Specs to confirm before ordering:

  • Function: continuous level transmitter (analog or digital), point-level switch (alarm at fixed point), or multi-point controller (high/low/empty)
  • Technology: ultrasonic (non-contact, sensitive to foam and condensation), 80 GHz radar (non-contact, dust/steam tolerant), capacitive (contact or non-contact, conductive or non-conductive media), vibrating fork (point switch, density-tolerant), conductivity (multi-electrode, conductive liquids only), guided-wave radar (rope or rod in the liquid, foam-tolerant)
  • Measurement range and accuracy
  • Process connection: threaded NPT/G, flanged, sanitary tri-clamp
  • Wetted parts: 316SS, Hastelloy, PTFE, PVDF, depending on media
  • Process temperature and pressure
  • Output: 4–20 mA analog, switch contact, IO-Link, HART, Profibus PA, Foundation Fieldbus
  • Hazardous-area certification if needed (ATEX, IECEx, Class I Div 1/2)
  • Cable or remote-mount electronics for high-temperature applications

Common gotchas: ultrasonic level transmitters fail on foam — the foam absorbs the acoustic pulse and the sensor reads either empty or wildly fluctuating. Radar sensors require a target large enough to fill the beam at the level; small vessels need careful beam-angle and antenna selection. Capacitive sensors need calibration on the installed media — moving a calibrated sensor to a different liquid usually requires recalibration. Conductivity level controllers work only on conductive liquids; pure water (low TDS) gives unreliable readings.
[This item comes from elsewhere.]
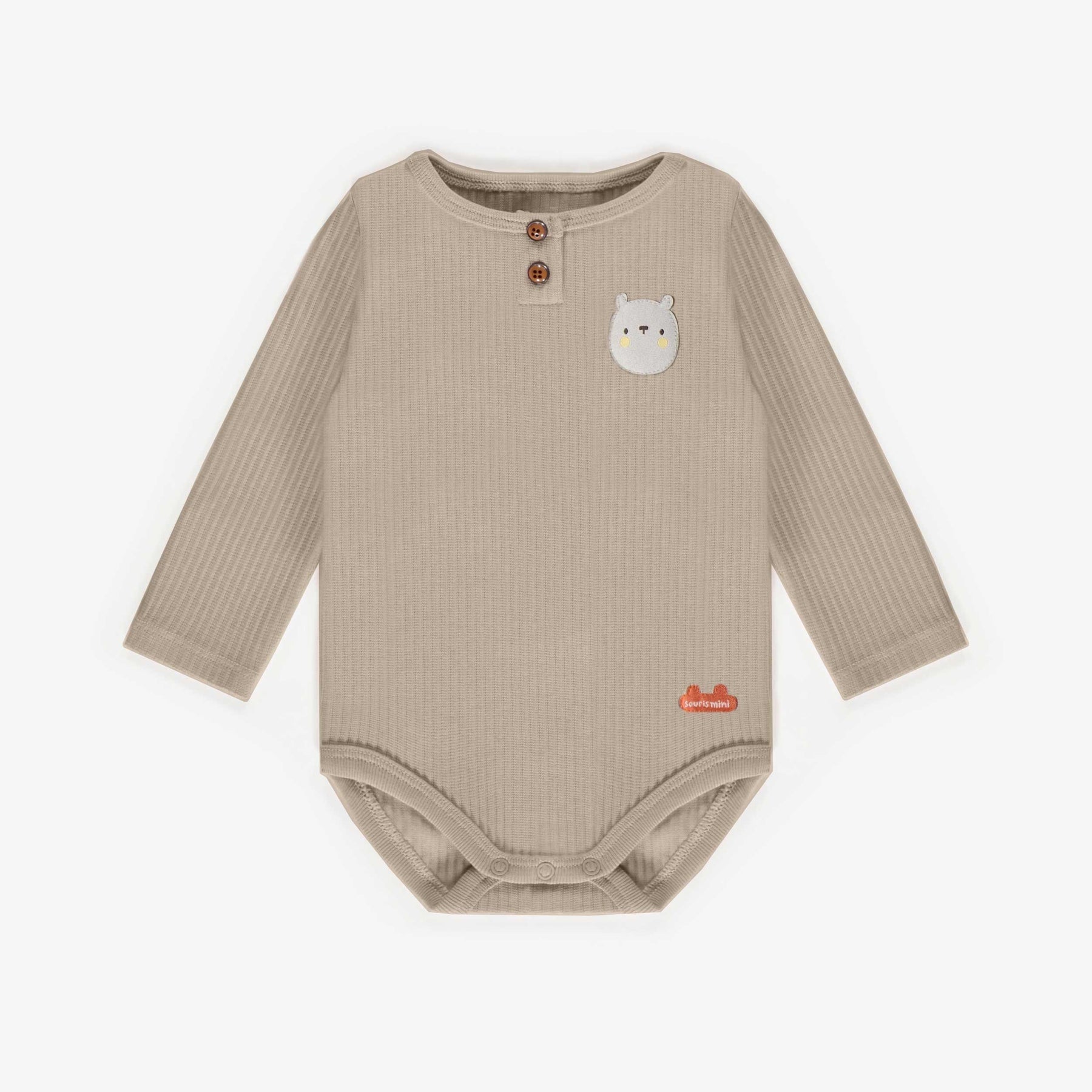 Machine wash cold inside out with similar colours on gentle cycle. Do not iron on trims. Tumble dry low.The Bear Henley Collar Bodysuit - BABY

Typical applications: tank level on water and wastewater treatment, chemical mixing and dosing tanks, bulk-solid level in silos (radar or capacitive), pump dry-run protection (point switch), high-level alarm to prevent overfill, and submersible hydrostatic for well-water level. On legacy installations, in-kind replacement preserves the process connection, mounting depth, and controller scaling.

For obsolete level sensors, send the OEM part number for a sourcing quote.
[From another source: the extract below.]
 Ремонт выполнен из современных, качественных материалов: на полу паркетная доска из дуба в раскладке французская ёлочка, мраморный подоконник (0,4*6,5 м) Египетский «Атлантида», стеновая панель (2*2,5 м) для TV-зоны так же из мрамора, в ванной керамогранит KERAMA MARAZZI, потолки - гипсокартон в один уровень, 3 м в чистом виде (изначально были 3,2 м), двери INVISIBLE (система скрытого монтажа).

Do you stock obsolete level sensors?
Yes. Discontinued VEGAPULS first generations, retired Magnetrol Pulsar, end-of-life Endress+Hauser FMR240, and earlier Sick UM30 are sourced through our supplier network.
Radar vs. ultrasonic — which should I pick for tank level?
Radar for steam, dust, vapor, condensation, and foaming environments. Ultrasonic for clean clear-liquid tanks without foam. Radar costs more but handles more environments reliably.
Will the sensor work on foamy liquids?
Guided-wave radar (rope or rod in the liquid) penetrates foam. Free-space radar penetrates most foam types. Ultrasonic fails on foam. Capacitive depends on the foam's dielectric properties.
Do I need a Class I Div 1 hazardous-area version?
Required if the level sensor will be in a Class I Div 1 area (flammable atmosphere always present during normal operation). Div 2 is for occasional presence. Match the original certification — substituting a non-rated sensor in a classified area is a code violation.
Can the sensor be cleaned with caustic or solvent?
Wetted parts compatibility is on the OEM datasheet. PTFE wetted parts handle most caustics and many solvents. Stainless variants handle most non-chloride media. Verify before installation.
What is the warranty?
12-month functional warranty. Wear or chemical attack from incompatible media is not covered.